Beeping. As my body gains consciousness, I'm fully aware of the machinery around me making robotic sounds. I'm starting to feel the agonizing burning ache coming from my leg, but that's nothing compared to the shattering of my heart when I realize I dreamt up Demi and I's relationship.

I opened my heavy eyelids and blinked repeatedly until my vision became clear. I turned and saw a nurse fidgeting with a computer, smiling at me.

All the hope I had crushed and broke my heart all over again. I know I imagined Demi, because if I hadn't, she would be right by my side. She wouldn't leave me and she'd make sure she'd be holding my hand as I woke up. But she's not here and she never was... how could I imagine something so amazing?

"Welcome back," the chirpy nurse said, "How do you feel?"

Horrible. Awful. Horrendous. Miserable.

"I want to die," the raspy words came out before I had a chance to think them over. Tears came quick at the realization that what I had said, was true. If I can't live a life without Demi I don't want to live one at all.

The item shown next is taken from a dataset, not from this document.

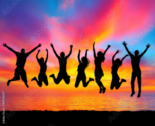 Silhouette Of People Jumping At Sunset Over Ocean With Arms Raised In Celebration And Happiness Showing Freedom
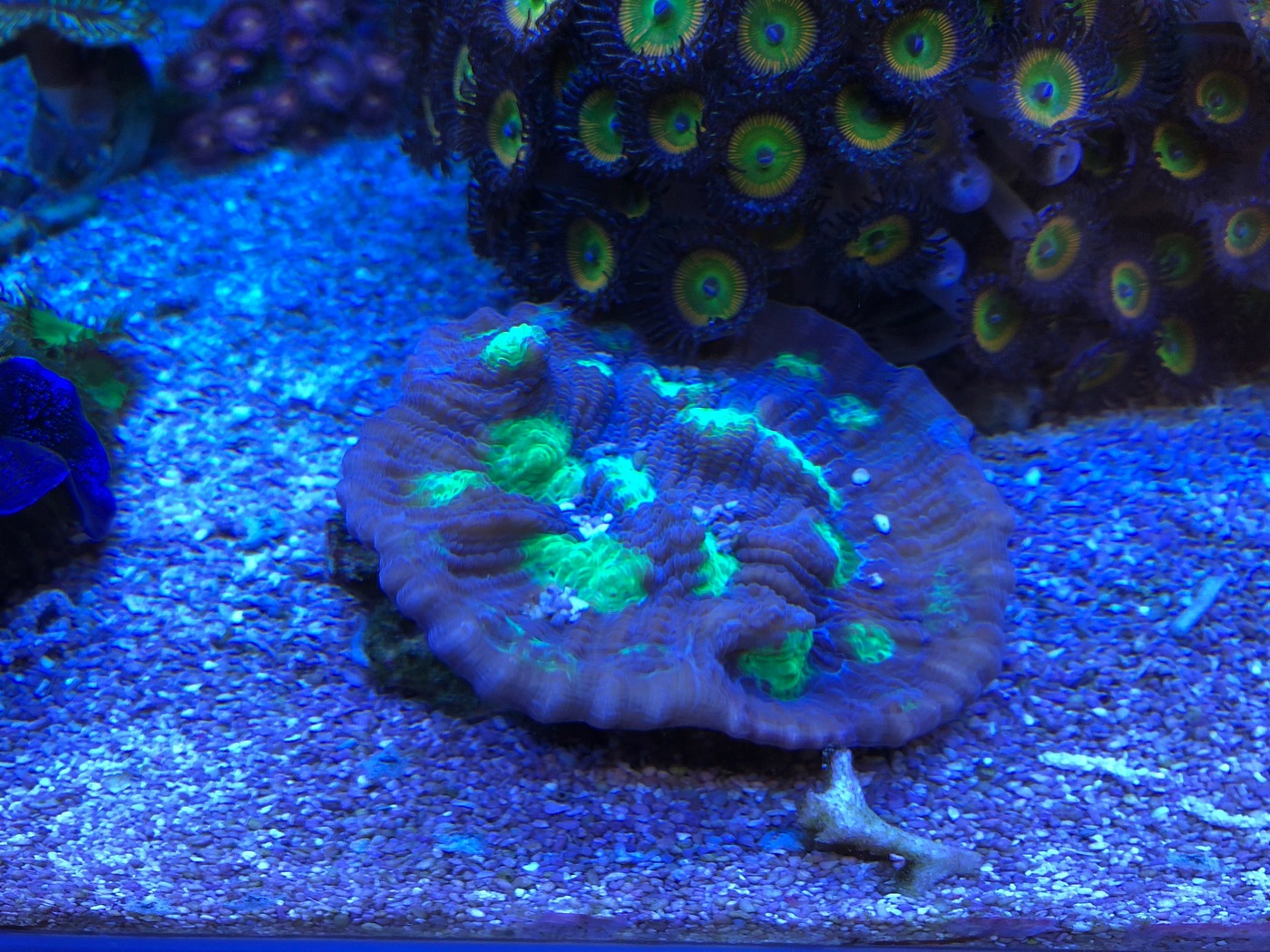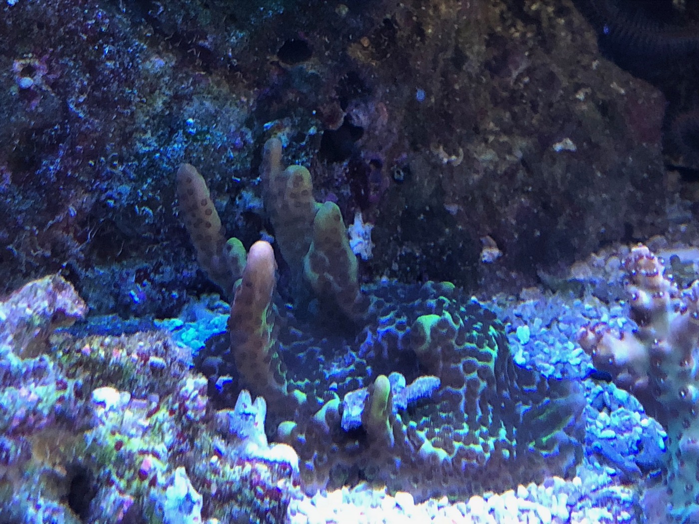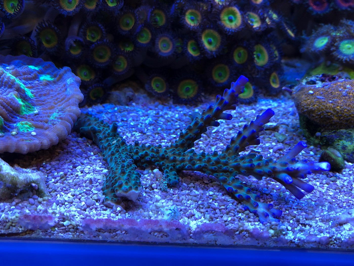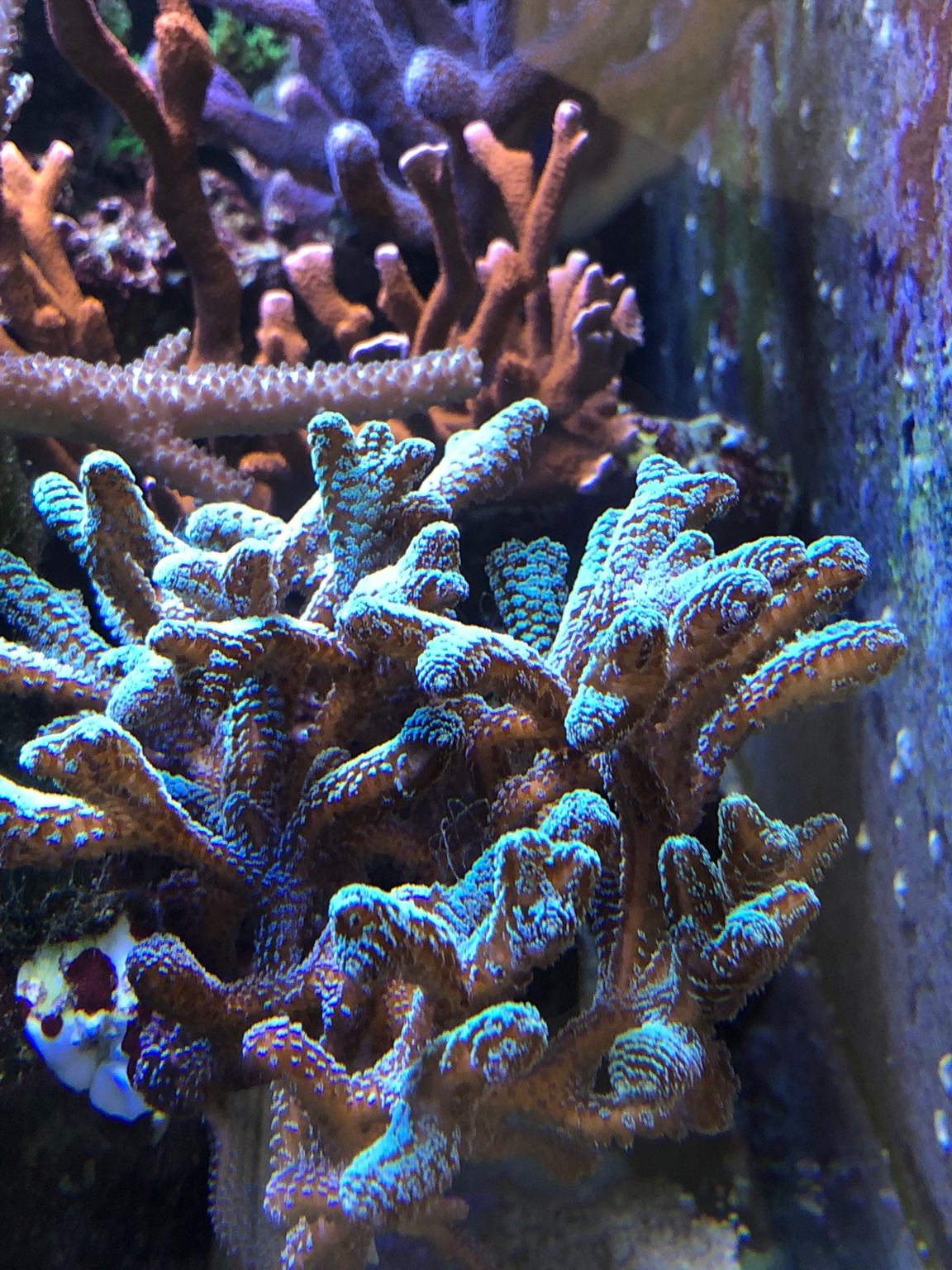 Акропора биколор. На втором фото она слева. Плюс небольшой фражик от куста правее биколора.

I must have gotten my days mixed up in my mind. I probably reopened my wound or some stupid shit to get me wound in the hospital over my leg again.

She frowned, checking my IV and looking me over, "We rarely put any people to sleep when we do skin grafts, but the paramedic and the doctors gave you too much anesthetics. You're going to be in a lot of pain-"

I couldn't listen to her ramble. It's not about the damn burn, it's about my heart. I would bathe in boiling water if it meant I could have Demi back. I should have known she was too good to be true.

"I'm going to sleep." I said, closing my eyes in hopes she'll go away. If she leaves, maybe I can figure out a way to double the medicine seeping into my veins and I will die. I don't want to live another moment.

I want Demi's hand holding mine. I want her body snuggled into my side. I want her soft lips on my bare skin. I want her laugh in my ear. I want her cries on my shoulder. I want her hand running through my hair. I want her, all of her and nothing else.

"You've been sleeping for twelve hours straight, but you can try. How is your leg feeling? We had to put somebody else's skin onto yours because if we took some of yours, you'd be in too much pain. Plus, since you were unconscious we couldn't tell how your body would react."

Now that she says something, it fucking hurts. A skin graft. I'm so glad I wasn't awake for them to pick molten fabric out of my flesh, but i assume it would have been much more painless then losing Demi.

"She's been here a while along with-" I looked over her shoulder into the hallway to see my therapist, Amy, waiting in a chair.

I groan, not wanting to even look at her right now. I don't want to talk about anything to her, let alone my feelings. She's here for a therapy session I want no part of.

"I want to die," I repeat. The more I said it, the heavier my heart got. I just don't want to be alive. I won't be able to cope seeing Demi's face advertised everywhere and hearing her angelic voice on the radio every five minutes.

"I think this is the part where I let her come in here.." she said, gesturing towards Amy, who was now at the doorway.

I think this is the part where I try to bribe her so she'll overdose and kill me, but I refrain because that would for sure buy me a first class ticket to the nuthouse. But so would admitting out loud I'm head over heals in love with someone who was a figment of my imagination.